**Exercise description**
Exactly the lines below, starting with the one containing "Utrustad med 80" and going on through the one containing "678 Gold-Tone Floral", must be reproduced, both ends included, and no pictures with them.

**Recorded data**
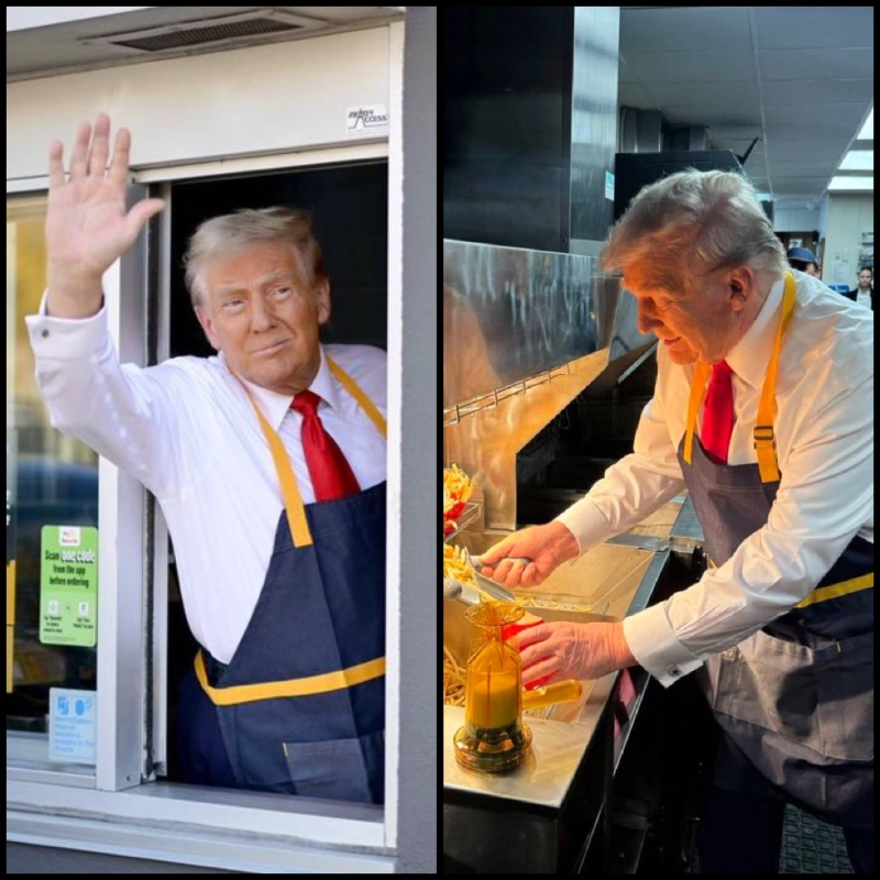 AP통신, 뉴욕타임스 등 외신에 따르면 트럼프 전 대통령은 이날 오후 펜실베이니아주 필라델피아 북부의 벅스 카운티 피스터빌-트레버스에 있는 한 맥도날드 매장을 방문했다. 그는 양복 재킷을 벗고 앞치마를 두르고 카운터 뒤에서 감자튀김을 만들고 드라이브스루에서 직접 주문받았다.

---

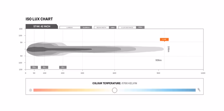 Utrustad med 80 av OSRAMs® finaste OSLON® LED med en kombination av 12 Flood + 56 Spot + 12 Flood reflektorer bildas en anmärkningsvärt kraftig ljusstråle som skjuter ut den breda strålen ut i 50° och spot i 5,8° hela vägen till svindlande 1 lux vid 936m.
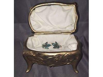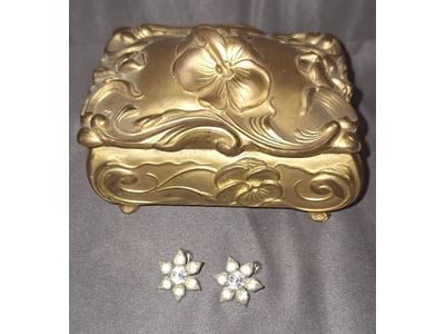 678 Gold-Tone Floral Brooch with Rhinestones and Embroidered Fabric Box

**Solution for this problem**
 Utrustad med 80 av OSRAMs® finaste OSLON® LED med en kombination av 12 Flood + 56 Spot + 12 Flood reflektorer bildas en anmärkningsvärt kraftig ljusstråle som skjuter ut den breda strålen ut i 50° och spot i 5,8° hela vägen till svindlande 1 lux vid 936m.
 678 Gold-Tone Floral Brooch with Rhinestones and Embroidered Fabric Box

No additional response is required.